My kids are still young, and they are different. But I still think I did the right thing in giving them each other. Time will tell.

Big Sister, Little Sister

This is something I wrote on June 26, 2006, just three weeks after adopting Belle. It’s one of my favorite pieces, and given that Belle is now the same age Krystal was when I wrote it, I thought I’d revisit it. This was originally posted on the blog I kept for family members during the adoption trip itself, so this is it’s first “public” appearance. Maybe I’ll do a follow-up on how things have changed since then in a few days. Or maybe not. Either way, here you go!

Sometimes you get a glimmer of something extra in a person you thought you knew as well as you know yourself.

I always saw my daughter Krystal as a little girl. When I imagined a sibling in our family, I still saw her as the youngest sister. Our friends nearly all have kids her age or older, and she just seemed to fit as the youngest child. Of course, with adoption you can arrange so your youngest child stays that way, but I didn’t want to do this. I wanted to adopt a younger child, for many reasons, hardly any of which had anything to do with Krystal.

Adding Belle to our family has been, is, and will continue to be a transition for all of us, probably for awhile. Belle is a gift all on her own, but the added dimension she has brought out in her older sister is a gift for me too. By no means do I intend to say Krystal is having an easy time being the big sister. In fact, she is probably having the toughest time of the three of us adjusting to all the changes. But because of her new role in our family I am seeing things in Krystal I didn’t know were there. Within hours of meeting Belle she was making her laugh, and she continues to take on this job with relish. If Belle is cranky, Krystal will take it upon herself to do something to snap her out of it. She is generous, offering up the first turn on the swing. She has happily passed on toys, and enjoys playing Mama with her when I need a few minutes to get something done.

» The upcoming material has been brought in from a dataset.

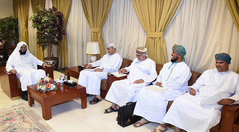 From their side, the Omani delegation, which heading by Mr. Salem Al-Rashdi, Plenipotentiary Minister of Omani Embassy to Saudi Arabia, has thanked Dr. Al-Mahmoud for his cordial and warmth welcome and hospitality. He, likewise, considered Al-Imam University as the key pillar for joint action between both parties. The Omani delegation was included Mr. Ahmad Al-Azary, Director of External Scholarships, and Mr. Hamad Al-Harthy, Director of Seeking-Services Administration, and Mr. Taleb Al-Makhzoumi, In-Charge officer of Scholarship Students at Gulf Cooperation Countries (GCC).

Of course, Krystal has also said she wishes it were just she and me again, that she’s not sure she likes having a sister after all. I’ve said I understand her feeling, and that she’s allowed to feel that way. But Belle is a part of our family now forever, just like she is. When I baby Belle, Krystal wants to be babied too. She has said she wishes she were little like Belle again. And then I remind her of all she can do that Belle can’t, and she turns content to be herself again.

Suddenly, my little five year old seems like a big five year old. Maybe I appreciate all she can do for herself now that I have someone younger and smaller who needs my help with so many things. Maybe she was a big kid all along, and it was me who needed a little kid to be able to see it. But maybe shedding some of the little kid stuff has allowed that new, green, raw big kid stuff to show through. Though my patience is being tested in new ways everyday right now, my heart is overflowing with love for my two girls – Krystal who I have known and loved for over four years and who I get to see new things in, and Belle who I have only just met but who peels away a new piece of herself everyday, showing me the beauty within. What a ride.